• Exercise directions: Would you return exactly the lines below from the line with "Ver todos os" through the line with "主要玩法:开局小岛上的箱子可", both included, and nothing else, leaving out the pictures?

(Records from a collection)
====

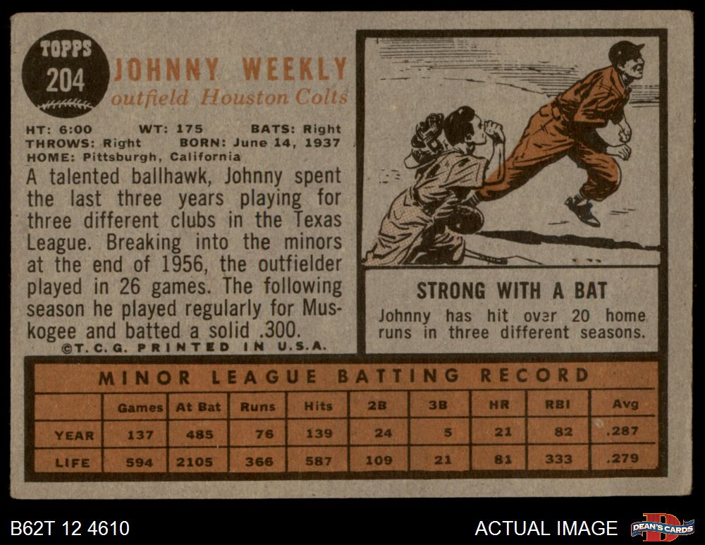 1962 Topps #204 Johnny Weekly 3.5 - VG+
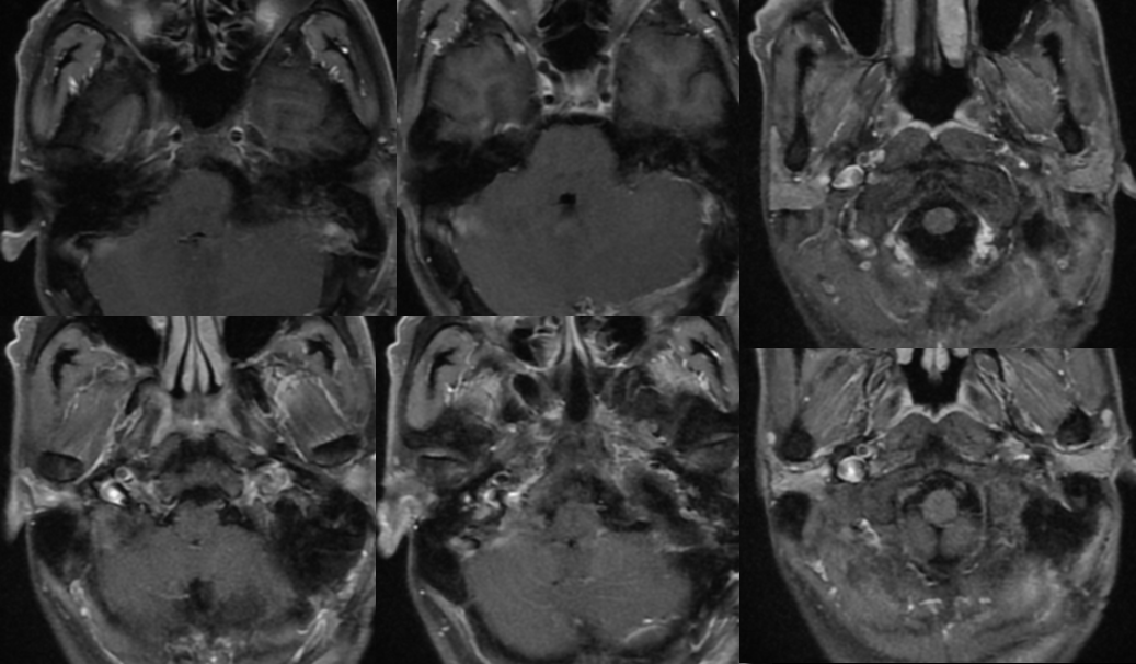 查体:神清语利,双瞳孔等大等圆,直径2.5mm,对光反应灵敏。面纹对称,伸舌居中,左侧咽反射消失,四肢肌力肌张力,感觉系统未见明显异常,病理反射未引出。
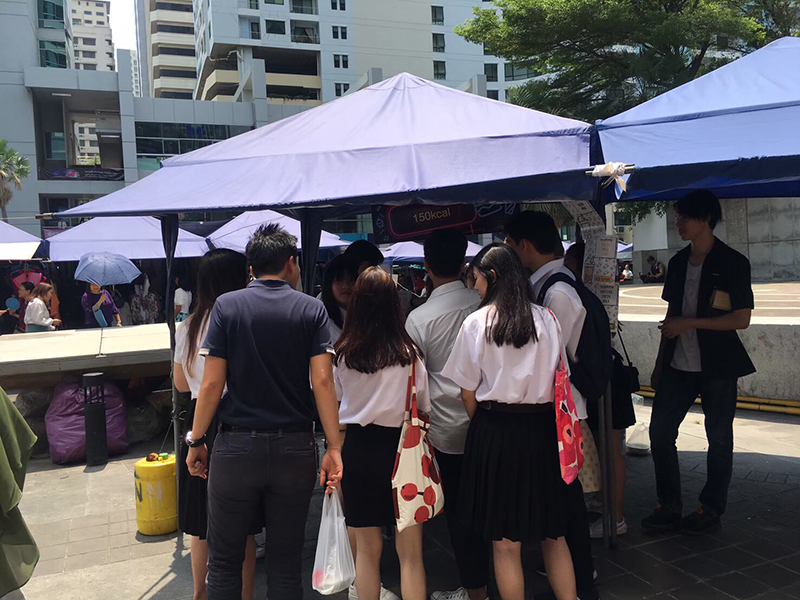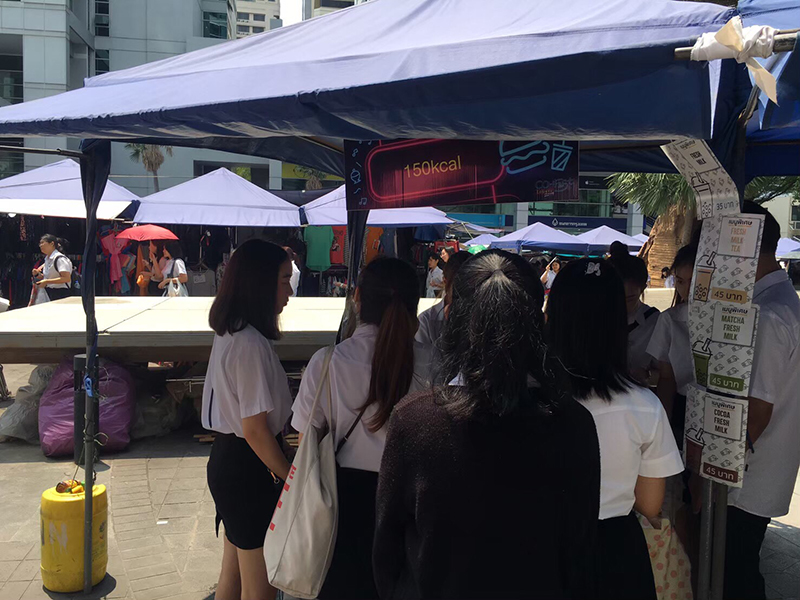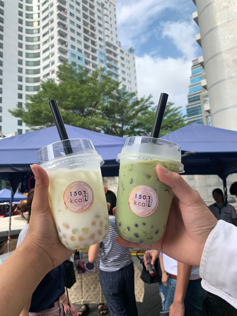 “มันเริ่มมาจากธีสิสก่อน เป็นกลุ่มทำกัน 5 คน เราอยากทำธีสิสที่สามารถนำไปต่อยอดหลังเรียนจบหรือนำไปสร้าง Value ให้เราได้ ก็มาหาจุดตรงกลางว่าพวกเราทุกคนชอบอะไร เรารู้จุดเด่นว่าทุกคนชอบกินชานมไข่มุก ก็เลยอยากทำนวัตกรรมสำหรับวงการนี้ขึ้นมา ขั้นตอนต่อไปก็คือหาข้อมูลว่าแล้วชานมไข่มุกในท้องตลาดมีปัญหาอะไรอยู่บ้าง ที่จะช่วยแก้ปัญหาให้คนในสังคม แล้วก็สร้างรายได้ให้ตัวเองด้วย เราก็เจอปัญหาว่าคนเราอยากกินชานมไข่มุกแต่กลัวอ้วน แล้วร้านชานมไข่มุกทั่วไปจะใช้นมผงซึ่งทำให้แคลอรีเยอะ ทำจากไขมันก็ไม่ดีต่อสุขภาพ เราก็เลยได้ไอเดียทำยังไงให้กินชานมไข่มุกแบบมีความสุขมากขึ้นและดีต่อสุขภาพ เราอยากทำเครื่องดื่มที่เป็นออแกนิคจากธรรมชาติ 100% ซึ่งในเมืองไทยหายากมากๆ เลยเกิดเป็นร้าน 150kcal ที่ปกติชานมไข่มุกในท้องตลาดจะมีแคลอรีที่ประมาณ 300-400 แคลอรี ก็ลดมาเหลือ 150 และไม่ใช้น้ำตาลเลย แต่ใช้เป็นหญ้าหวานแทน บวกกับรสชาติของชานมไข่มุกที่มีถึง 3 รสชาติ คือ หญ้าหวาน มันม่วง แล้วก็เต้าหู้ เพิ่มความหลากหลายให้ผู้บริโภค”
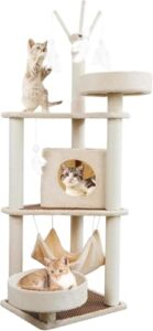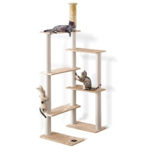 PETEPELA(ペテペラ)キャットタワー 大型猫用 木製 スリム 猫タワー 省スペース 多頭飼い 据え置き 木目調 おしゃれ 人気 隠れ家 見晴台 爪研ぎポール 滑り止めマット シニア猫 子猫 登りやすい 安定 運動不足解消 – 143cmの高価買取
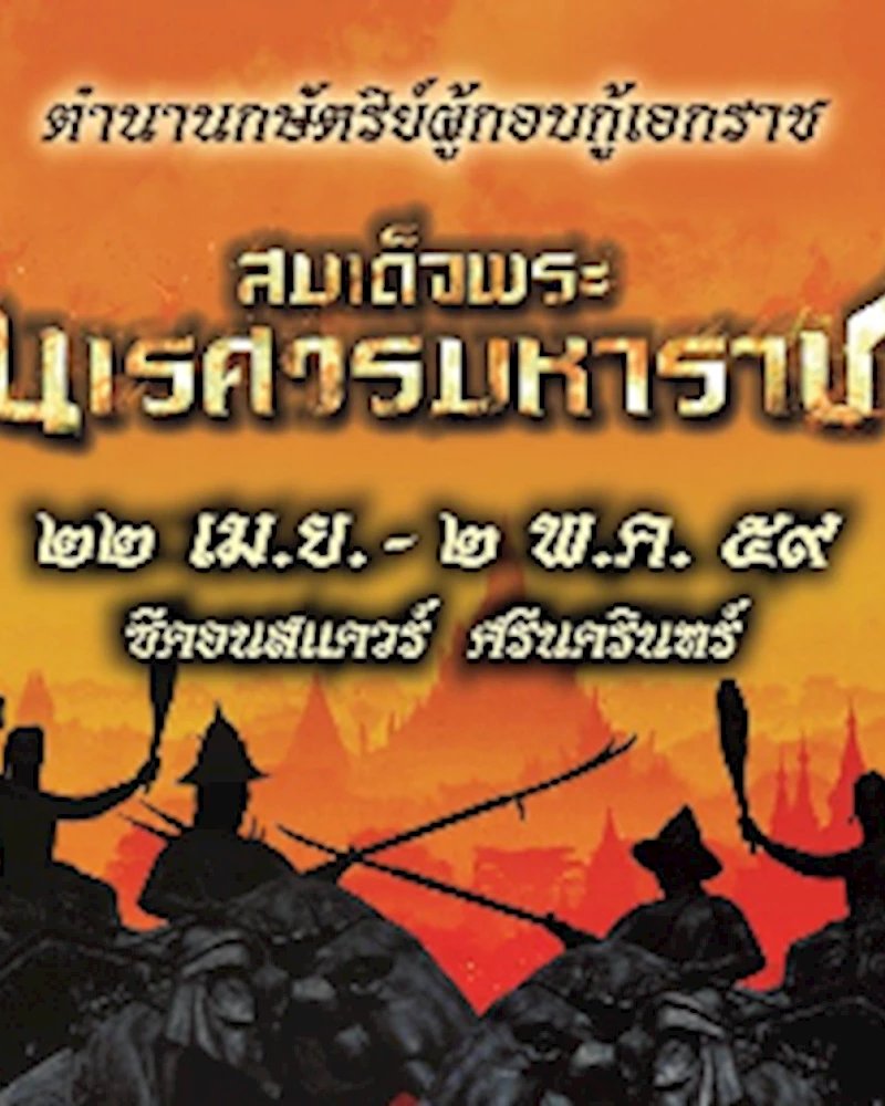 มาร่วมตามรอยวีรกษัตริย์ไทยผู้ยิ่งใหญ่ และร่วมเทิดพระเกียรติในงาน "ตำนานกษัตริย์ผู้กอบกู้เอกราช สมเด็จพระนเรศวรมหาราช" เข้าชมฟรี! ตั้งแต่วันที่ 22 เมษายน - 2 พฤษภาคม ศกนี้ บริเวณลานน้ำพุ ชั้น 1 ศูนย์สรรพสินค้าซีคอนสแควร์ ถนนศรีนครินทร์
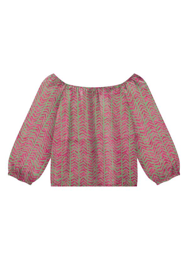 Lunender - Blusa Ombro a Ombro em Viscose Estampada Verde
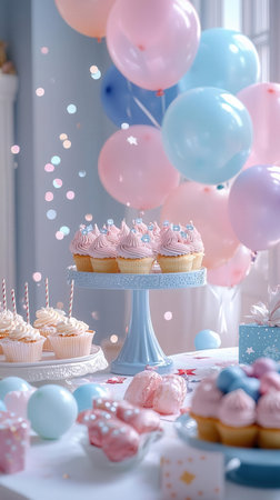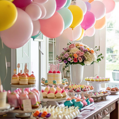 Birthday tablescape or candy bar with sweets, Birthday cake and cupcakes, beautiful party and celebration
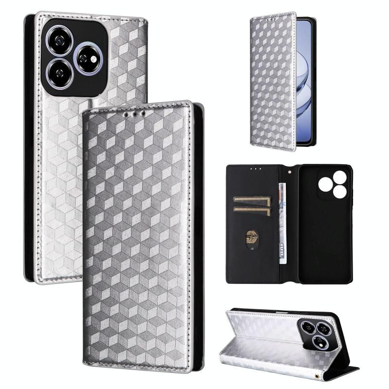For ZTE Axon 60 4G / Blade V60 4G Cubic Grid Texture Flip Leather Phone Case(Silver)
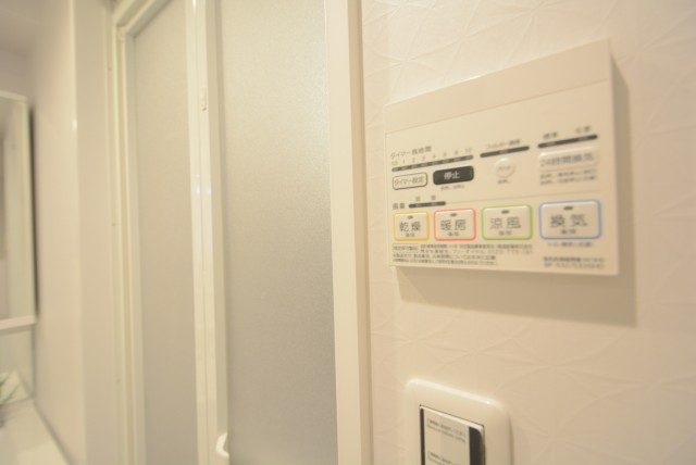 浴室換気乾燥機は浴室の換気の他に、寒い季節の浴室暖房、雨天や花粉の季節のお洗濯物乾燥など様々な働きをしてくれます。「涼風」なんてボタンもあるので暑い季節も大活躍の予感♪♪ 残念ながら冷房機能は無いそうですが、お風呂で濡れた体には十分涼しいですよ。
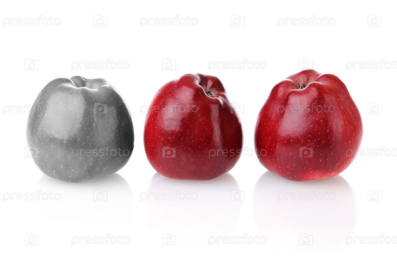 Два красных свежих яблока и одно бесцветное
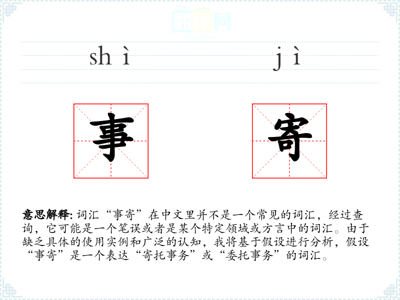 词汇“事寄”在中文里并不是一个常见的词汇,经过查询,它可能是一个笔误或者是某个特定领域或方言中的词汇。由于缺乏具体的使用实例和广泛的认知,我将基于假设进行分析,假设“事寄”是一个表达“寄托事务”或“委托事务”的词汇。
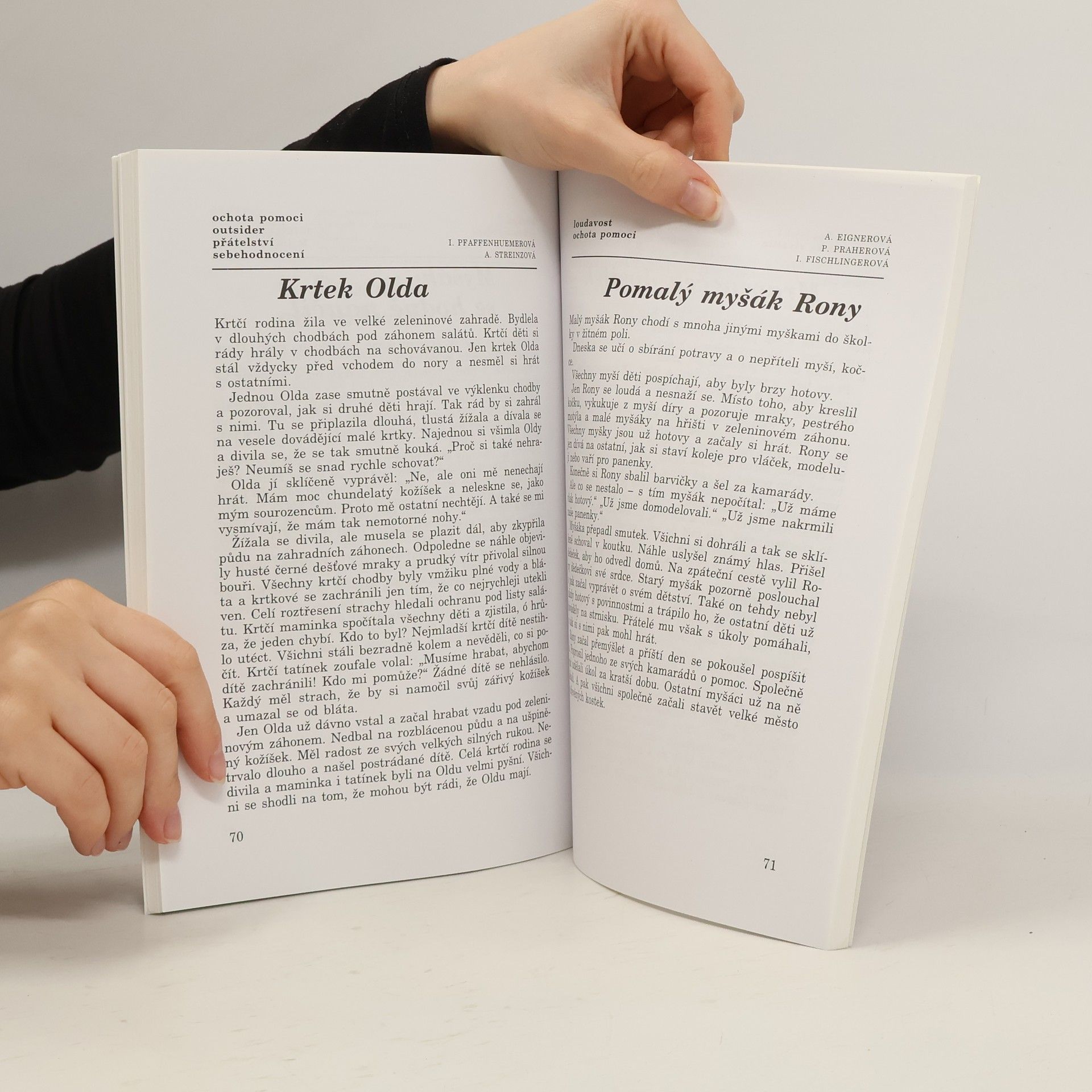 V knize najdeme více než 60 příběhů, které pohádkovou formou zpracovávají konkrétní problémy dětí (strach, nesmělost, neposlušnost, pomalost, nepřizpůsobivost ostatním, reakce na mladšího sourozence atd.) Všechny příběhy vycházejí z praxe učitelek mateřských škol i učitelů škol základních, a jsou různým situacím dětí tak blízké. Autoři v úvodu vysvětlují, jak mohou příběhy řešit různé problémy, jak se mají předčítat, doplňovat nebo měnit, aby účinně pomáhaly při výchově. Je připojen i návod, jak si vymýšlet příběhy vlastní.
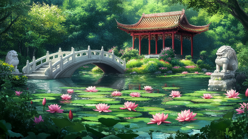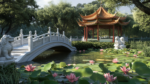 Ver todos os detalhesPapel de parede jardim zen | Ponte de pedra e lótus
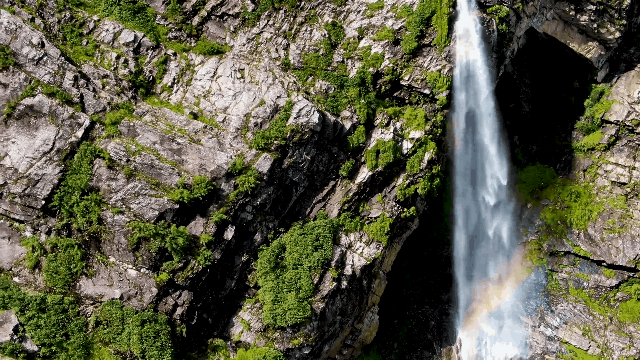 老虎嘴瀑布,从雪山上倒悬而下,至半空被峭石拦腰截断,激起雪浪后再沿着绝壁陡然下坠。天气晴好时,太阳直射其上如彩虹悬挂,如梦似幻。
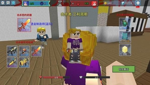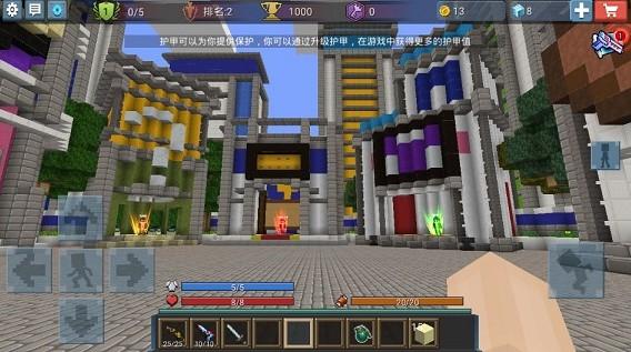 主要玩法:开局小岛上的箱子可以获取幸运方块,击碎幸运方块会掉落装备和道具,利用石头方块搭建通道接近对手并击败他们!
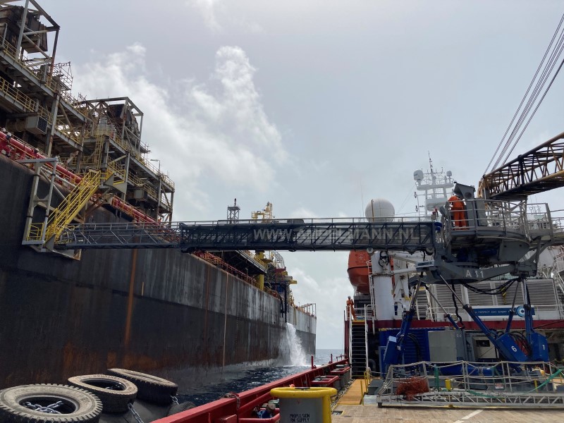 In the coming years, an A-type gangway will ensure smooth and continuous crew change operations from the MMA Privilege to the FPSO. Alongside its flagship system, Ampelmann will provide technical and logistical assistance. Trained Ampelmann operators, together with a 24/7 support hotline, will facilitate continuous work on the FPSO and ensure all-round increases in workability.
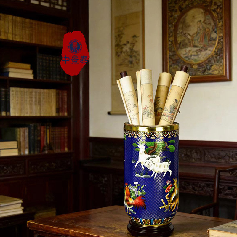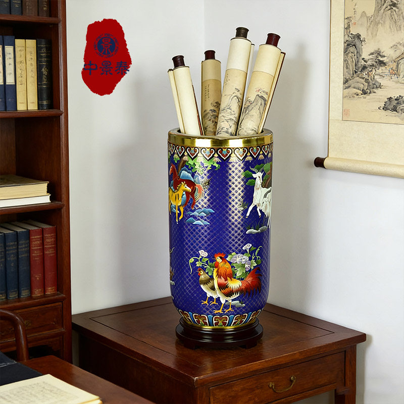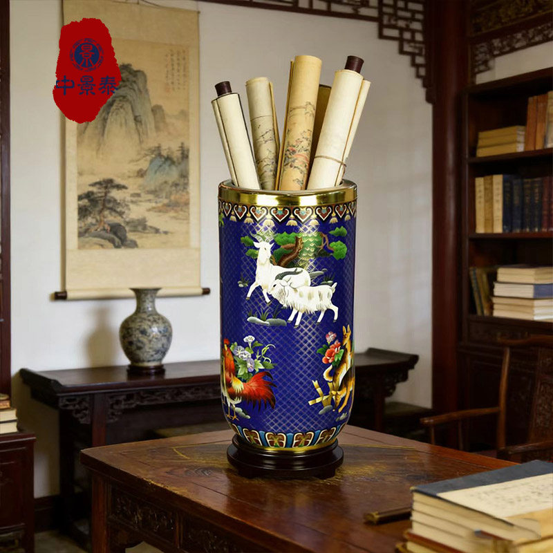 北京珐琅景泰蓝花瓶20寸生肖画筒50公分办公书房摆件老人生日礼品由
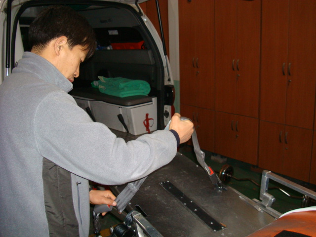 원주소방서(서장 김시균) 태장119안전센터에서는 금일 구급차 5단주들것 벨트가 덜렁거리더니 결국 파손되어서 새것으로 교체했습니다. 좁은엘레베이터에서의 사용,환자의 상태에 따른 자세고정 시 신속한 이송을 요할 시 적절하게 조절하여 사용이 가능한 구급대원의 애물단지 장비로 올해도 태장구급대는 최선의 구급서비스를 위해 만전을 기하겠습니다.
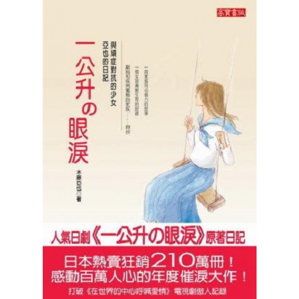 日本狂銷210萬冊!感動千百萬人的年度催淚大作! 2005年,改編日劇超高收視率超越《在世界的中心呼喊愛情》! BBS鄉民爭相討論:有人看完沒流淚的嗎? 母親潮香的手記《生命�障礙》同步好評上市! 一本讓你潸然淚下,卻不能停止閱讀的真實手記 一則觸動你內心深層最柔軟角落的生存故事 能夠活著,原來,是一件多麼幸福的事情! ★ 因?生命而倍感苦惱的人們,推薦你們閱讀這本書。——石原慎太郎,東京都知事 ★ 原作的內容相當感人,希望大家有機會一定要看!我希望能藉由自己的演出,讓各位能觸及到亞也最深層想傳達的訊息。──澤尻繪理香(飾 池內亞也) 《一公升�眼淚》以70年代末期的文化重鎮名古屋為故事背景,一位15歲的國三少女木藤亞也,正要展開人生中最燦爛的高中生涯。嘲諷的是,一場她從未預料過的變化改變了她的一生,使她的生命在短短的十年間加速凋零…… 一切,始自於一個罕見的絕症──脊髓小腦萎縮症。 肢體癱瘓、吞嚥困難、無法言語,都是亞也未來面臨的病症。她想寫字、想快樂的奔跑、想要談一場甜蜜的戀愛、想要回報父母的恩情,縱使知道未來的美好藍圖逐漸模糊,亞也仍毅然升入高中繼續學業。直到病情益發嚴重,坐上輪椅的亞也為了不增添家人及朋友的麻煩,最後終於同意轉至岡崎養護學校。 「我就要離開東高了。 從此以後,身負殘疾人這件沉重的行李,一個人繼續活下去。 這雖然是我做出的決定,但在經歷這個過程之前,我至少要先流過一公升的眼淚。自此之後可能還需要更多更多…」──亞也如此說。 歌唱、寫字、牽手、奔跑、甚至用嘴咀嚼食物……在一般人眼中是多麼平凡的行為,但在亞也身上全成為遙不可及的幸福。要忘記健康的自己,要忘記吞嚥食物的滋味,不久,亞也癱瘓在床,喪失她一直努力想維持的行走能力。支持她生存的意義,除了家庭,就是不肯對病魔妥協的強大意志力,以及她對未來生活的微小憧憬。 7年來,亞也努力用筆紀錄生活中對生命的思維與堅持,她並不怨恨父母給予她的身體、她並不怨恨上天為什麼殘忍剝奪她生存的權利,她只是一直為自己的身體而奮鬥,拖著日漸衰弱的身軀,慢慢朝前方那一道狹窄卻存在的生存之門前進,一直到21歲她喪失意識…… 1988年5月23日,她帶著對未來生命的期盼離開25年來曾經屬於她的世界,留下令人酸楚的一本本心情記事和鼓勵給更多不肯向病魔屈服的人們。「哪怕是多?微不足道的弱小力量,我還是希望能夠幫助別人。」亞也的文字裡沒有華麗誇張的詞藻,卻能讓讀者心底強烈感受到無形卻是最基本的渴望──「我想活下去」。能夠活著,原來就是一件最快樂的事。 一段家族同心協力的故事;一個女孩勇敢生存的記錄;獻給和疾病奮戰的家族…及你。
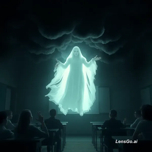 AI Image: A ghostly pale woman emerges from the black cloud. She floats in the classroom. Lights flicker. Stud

====

• Answer to this exercise:
 Ver todos os detalhesPapel de parede jardim zen | Ponte de pedra e lótus
 老虎嘴瀑布,从雪山上倒悬而下,至半空被峭石拦腰截断,激起雪浪后再沿着绝壁陡然下坠。天气晴好时,太阳直射其上如彩虹悬挂,如梦似幻。
 主要玩法:开局小岛上的箱子可以获取幸运方块,击碎幸运方块会掉落装备和道具,利用石头方块搭建通道接近对手并击败他们!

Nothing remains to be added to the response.